BEGIN Records for this task

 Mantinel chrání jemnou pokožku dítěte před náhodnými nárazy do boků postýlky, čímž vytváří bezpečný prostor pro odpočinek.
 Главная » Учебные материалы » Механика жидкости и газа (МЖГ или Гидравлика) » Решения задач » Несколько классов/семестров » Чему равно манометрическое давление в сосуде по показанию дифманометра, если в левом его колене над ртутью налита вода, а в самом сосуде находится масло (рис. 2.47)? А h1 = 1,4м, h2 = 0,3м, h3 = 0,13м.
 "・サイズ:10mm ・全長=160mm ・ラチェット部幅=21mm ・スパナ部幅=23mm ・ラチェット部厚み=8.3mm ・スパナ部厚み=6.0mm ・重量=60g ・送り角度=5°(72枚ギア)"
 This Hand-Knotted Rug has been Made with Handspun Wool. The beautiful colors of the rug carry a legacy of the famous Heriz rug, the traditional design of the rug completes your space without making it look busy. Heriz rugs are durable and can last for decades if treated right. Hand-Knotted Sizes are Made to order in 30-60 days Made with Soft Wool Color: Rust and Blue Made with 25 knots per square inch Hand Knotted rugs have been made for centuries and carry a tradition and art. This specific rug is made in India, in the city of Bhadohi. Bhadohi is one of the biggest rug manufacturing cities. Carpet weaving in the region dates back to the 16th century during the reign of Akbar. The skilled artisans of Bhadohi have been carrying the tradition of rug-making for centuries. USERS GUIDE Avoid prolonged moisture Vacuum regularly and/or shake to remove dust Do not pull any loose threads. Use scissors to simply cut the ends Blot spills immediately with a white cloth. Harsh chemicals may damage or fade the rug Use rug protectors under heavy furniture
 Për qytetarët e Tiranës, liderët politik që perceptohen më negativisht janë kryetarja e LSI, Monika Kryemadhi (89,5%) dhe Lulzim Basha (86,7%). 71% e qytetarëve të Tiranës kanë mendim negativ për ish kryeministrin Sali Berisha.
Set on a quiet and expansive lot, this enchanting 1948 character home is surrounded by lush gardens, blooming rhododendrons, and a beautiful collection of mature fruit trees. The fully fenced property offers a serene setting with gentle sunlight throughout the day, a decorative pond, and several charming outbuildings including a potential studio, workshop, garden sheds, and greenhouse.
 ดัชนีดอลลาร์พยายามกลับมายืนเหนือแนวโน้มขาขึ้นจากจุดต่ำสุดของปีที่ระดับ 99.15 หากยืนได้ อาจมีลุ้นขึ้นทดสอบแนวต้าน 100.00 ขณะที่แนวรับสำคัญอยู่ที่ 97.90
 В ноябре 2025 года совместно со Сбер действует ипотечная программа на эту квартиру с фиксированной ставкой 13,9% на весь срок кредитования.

END Records for this task
BEGIN Records for this task

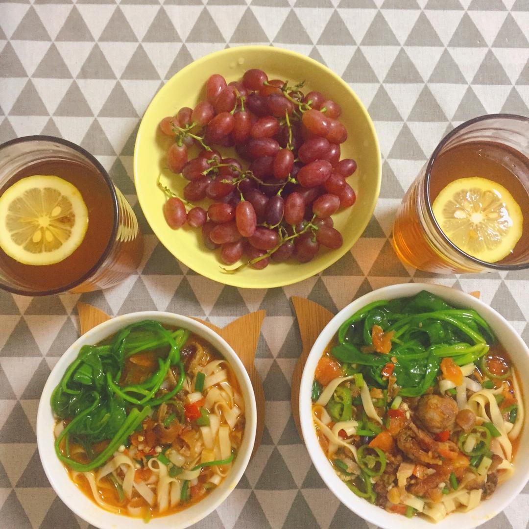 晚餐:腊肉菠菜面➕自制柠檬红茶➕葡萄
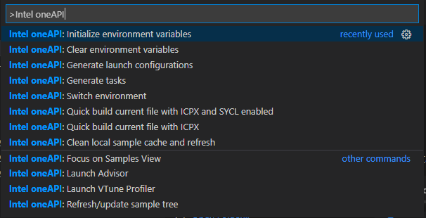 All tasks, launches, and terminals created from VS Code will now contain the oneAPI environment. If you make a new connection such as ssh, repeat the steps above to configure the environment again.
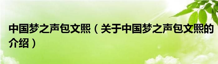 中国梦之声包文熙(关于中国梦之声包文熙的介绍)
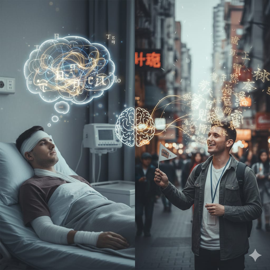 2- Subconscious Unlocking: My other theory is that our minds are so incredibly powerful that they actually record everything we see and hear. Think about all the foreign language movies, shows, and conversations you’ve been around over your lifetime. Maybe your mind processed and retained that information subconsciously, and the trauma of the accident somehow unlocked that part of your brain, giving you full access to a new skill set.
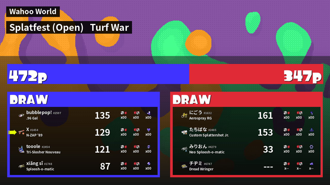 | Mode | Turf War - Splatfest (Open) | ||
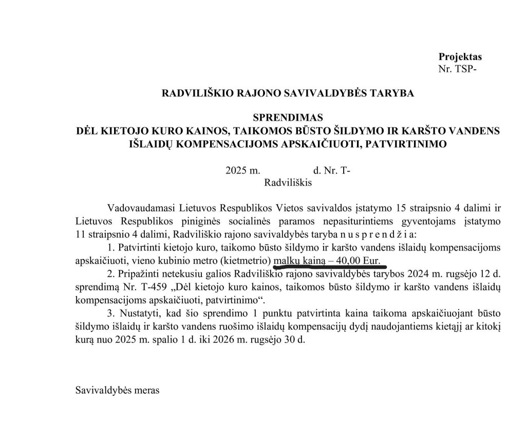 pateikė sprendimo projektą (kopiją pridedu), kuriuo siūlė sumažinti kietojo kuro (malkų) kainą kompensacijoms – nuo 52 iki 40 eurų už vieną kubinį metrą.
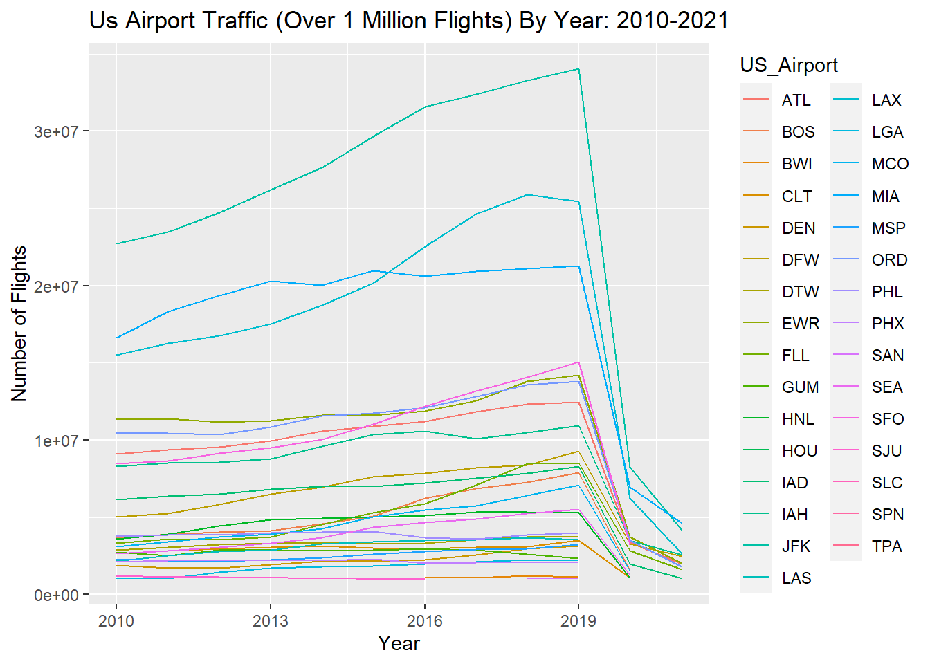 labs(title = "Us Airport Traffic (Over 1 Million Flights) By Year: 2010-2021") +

END Records for this task

Work item: Where the data above reaches the line holding "Për qytetarët e", begin printing, and stop after the line holding "В ноябре 2025". Each line must be reproduced exactly, with nothing else added.

Answer to this exercise:
 Për qytetarët e Tiranës, liderët politik që perceptohen më negativisht janë kryetarja e LSI, Monika Kryemadhi (89,5%) dhe Lulzim Basha (86,7%). 71% e qytetarëve të Tiranës kanë mendim negativ për ish kryeministrin Sali Berisha.
Set on a quiet and expansive lot, this enchanting 1948 character home is surrounded by lush gardens, blooming rhododendrons, and a beautiful collection of mature fruit trees. The fully fenced property offers a serene setting with gentle sunlight throughout the day, a decorative pond, and several charming outbuildings including a potential studio, workshop, garden sheds, and greenhouse.
 ดัชนีดอลลาร์พยายามกลับมายืนเหนือแนวโน้มขาขึ้นจากจุดต่ำสุดของปีที่ระดับ 99.15 หากยืนได้ อาจมีลุ้นขึ้นทดสอบแนวต้าน 100.00 ขณะที่แนวรับสำคัญอยู่ที่ 97.90
 В ноябре 2025 года совместно со Сбер действует ипотечная программа на эту квартиру с фиксированной ставкой 13,9% на весь срок кредитования.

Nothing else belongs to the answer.